By Meredith Stephens
The conference on intercultural communication in Osaka is over, and now is the hard part. How do we navigate the labyrinthian Osaka underground to the Wakayama Port to catch our ferry back to Tokushima? Even exiting the building to the underground is complex. A kind senior citizen notices our confusion and painstakingly gives us directions in English. We follow her directions, launch into the underground, and discover a sea of impeccably presented commuters rushing in multiple directions. Our disorientation is heighted by the lack of natural topography and being unable to sense the position of the sun. However we manage to identify the signs directing us to Namba Station, and manage to arrive there with two hours to spare before our train departs for Wakayama Port.

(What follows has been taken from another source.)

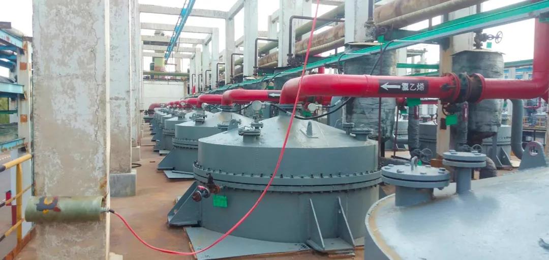 轉(zhuǎn)化器的正常運行是氯乙烯工段穩(wěn)定的關(guān)鍵,除了要對轉(zhuǎn)化器進(jìn)行外部保養(yǎng)外,還要嚴(yán)格控制工藝指標(biāo),保證每臺轉(zhuǎn)化器的正常運行。要求每個操作工精心調(diào)整配比,分析工按時做好分析,并且及時準(zhǔn)確的將數(shù)據(jù)報告微機(jī)工,切不可弄虛作假。儀表工加大力度將轉(zhuǎn)化器上有壞點的測溫桿換掉,必須保證微機(jī)上每臺轉(zhuǎn)化器的溫度顯示正?!,F(xiàn)場巡檢工按時對轉(zhuǎn)化器進(jìn)行排酸檢查,杜絕一切“跑、冒、滴、漏”,有不正常必須及時甩下處理。只有微機(jī)工、巡檢工、儀表工、分析工三者緊密聯(lián)系,齊心合作,才能保證轉(zhuǎn)化器的正常運行,才是對轉(zhuǎn)化器最 好的維護(hù)保養(yǎng)。

Our home island of Shikoku is no longer foreign to us. Why would anyone want to live anywhere else? I have made Tokushima, home of both the ultra-modern and the traditional, my base in Japan. Tokushima produces LED lights, and is intersected by the mighty Yoshinogawa River, which has provided the water necessary to make high-quality indigo for hundreds of years. My conference companion Danielle has settled in Matsuyama, home of literature, where children regularly compose haiku in elementary school, and where passengers are greeted at the hoverport by a haiku post-box in case the creative urge takes hold en route. Matsuyama also boasts a haiku museum, and celebrates its renowned poet Masaoka Shiki and the novelist Natsume Soseki. Surely everyone else in Japan shares our affection for our green and mountainous (not to mention literary) island, just across the Inland Sea? Surely any number of them in this underground station can help us find the route back to our island?

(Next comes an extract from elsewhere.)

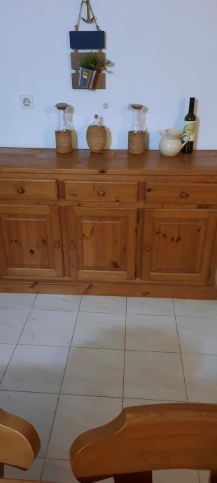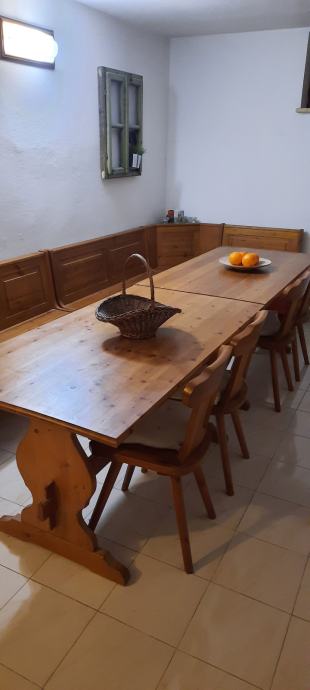 Dva stola sa pripadajućim klupama i kutom sa stolicama i komodom.

At Namba Station we locate an information booth. We enter and are greeted by a smiling bilingual guide, who directs us to the JR station. We follow his directions through the purposeful crowd criss-crossing our paths until we find a JR office. We explain we want to catch a train to Wakayama. The clerk redirects us to the Nankai train; it seems that we were was looking for the wrong rail company. As we are leaving we pass a British family trying to validate their rail pass to Okayama. Noticing their language difficulties we intervene, and help them confirm the departure and arrival times to Okayama with the clerk. The British family look impressed at our sudden switch into Japanese, but we explain that we live in the countryside; we are lost and it`s not too hard to ask for train times. Their eyes widen in bewilderment, and they thank us. Then we are back off into the crowd in which everyone but us seems to be walking purposefully to their destination.
Somehow we find our way back to the information booth, and the smiling guide recognizes us this time around. We explain that we want to catch the train to Wakayama in order to make the ferry to Tokushima. He has to consult his workmate. It seems our destination is not as popular as we think it must be; few of the people in this frenetic crowd will be joining us on our trip back into the countryside. We follow his directions and succeed in arriving at the Nankai Station.
Relieved, we line up on the platform, enter the train and take a seat. The heat pulsating through the seats is comforting. Ninety minutes later we arrive at Wakayama city, where we have to change trains. We exit the train and struggle to read the characters for unfamiliar places, but manage to identify the one to Wakayama Port. We have to descend the stairs for Platform 6, which eventually turns into Platform 7 (although I think maybe it should have been Platform 6 1/2). There we are greeted with a cheerful pink rail carriage decorated with sea-breams.
Source: Danielle Kurihara
There are pictures of sea-breams on the floor in the doorway and on the upholstery. There are also sea-bream handstraps suspended from the ceiling for passengers to steady themselves with when the train is in motion. They resemble a school of fish.
I catch the eyes of a fellow passenger above his allergy-mask, and seconds later am jolted into the realization that he is my student from Tokushima. I laugh at the coincidence and take a seat beside him in the now-empty train. We exchange pleasantries and then I ask him why the theme of this train is the sea-bream. He explains that we are on the coast, and that the Japanese word for sea-bream –tai – is a homophone containing part of the word for celebration – omedetai. Before I consider how exotic this is, I upbraid myself. The theme of the conference in Osaka was not to regard the ‘other’ as exotic, but rather to consider how you yourself might be considered exotic. We reluctantly farewell the sea-bream train and board the ferry back to Tokushima.
The ferry is almost empty. The crowds in Osaka have dwindled to a handful of passengers. I gratefully stretch out over a few of the many empty passenger seats and slip into semi-consciousness as I allow the rhythms of the sea to lull me into a dream state. Over two hours later we are gently woken to a broadcast of no-longer-exotic music which sounds like a heart-warming ending to a long film. It echoes or perhaps shapes my thoughts. I won`t dismiss this music as saccharine or sentimental, but rather embrace it as a reassuring “Welcome Home”.